For me, one of Facebook’s on-going pleasures, and this is coming from a former Facebook doubter and critic turned addict, is getting status updates by the great writer Richard Bausch, who I met at Bread Loaf.  I’m sure he doesn’t remember me, or the rather hilarious hour we spent sipping whiskey together around a campfire, but something tells me Richard has been making impressions on people who he won’t remember a hell of a lot longer than I’ve been alive.   Either way, I’m pretty sure Richard wouldn’t mind me sharing his wisdom from a recent status, in which he writes:

“One of the most endearing things about all the writers I know–and I know a lot of them of course–is that not one of them has any material ambitions. They want money of course because they need it, but when they get it they use it mostly to buy one thing: Time. That’s all any of them want. To be able to purchase a little Time from the world’s daily demands, and they want that time, all of them that I know, for one reason. To work. No material matter comes close to that for them. I think that’s a wonderful thing. And when the various kinds of wrangling and petty quarrels and vanities arise that come from being human and trying to do something very hard in a world that is mostly indifferent–well, I try to remember that. It’s something very beautiful about us that we all share: that sweet almost child-like quality of wanting from the world only a little time to keep doing this thing we love so much that even when it tortures us we long to be there in it and with it.”

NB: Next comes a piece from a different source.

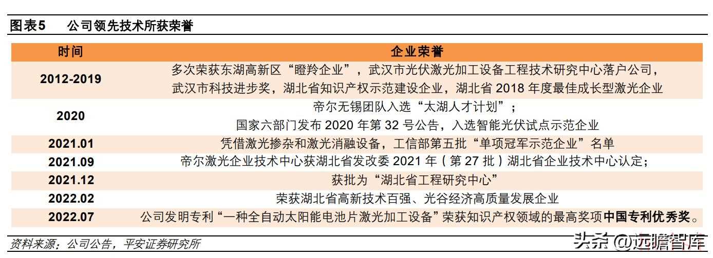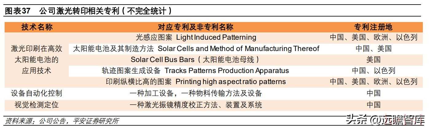 公司擁有深厚的研發(fā)技術(shù)壁壘、完善穩(wěn)定的人才體系、優(yōu)越的品牌影響力、豐富的客戶資源,長期專注于光伏領(lǐng)域,積淀了各類電池路線 Know-how 工藝,擁有大量境內(nèi)外專利,享有新技術(shù)客戶導(dǎo)入與綁定的先發(fā)優(yōu)勢,在 N 型高效時代其光伏激光主導(dǎo)優(yōu)勢有望延續(xù)。
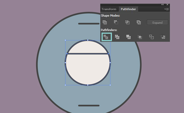 Выделите маленький круг и пересекающую его линию, и в палитре Pathfinder/Обработка контура кликните по указанной ниже иконке.

You know that feeling when you hear something or read something and the sensation is that the speaker/creator has literally opened up your brain and surgically removed something you feel very deeply and then said it in a way that surpasses your own expressive capabilities and makes you understand that thing you felt even more deeply than you thought you did?  This was kind of like that for me.  I guess that’s the point of art, huh?

I figure since I’m borrowing Richard’s words, I should plug his wonderful book of short stories I read recently.  His stories will yank on your humanity.  They will humble you with their simple power.  They will clarify things you’ve been wondering about.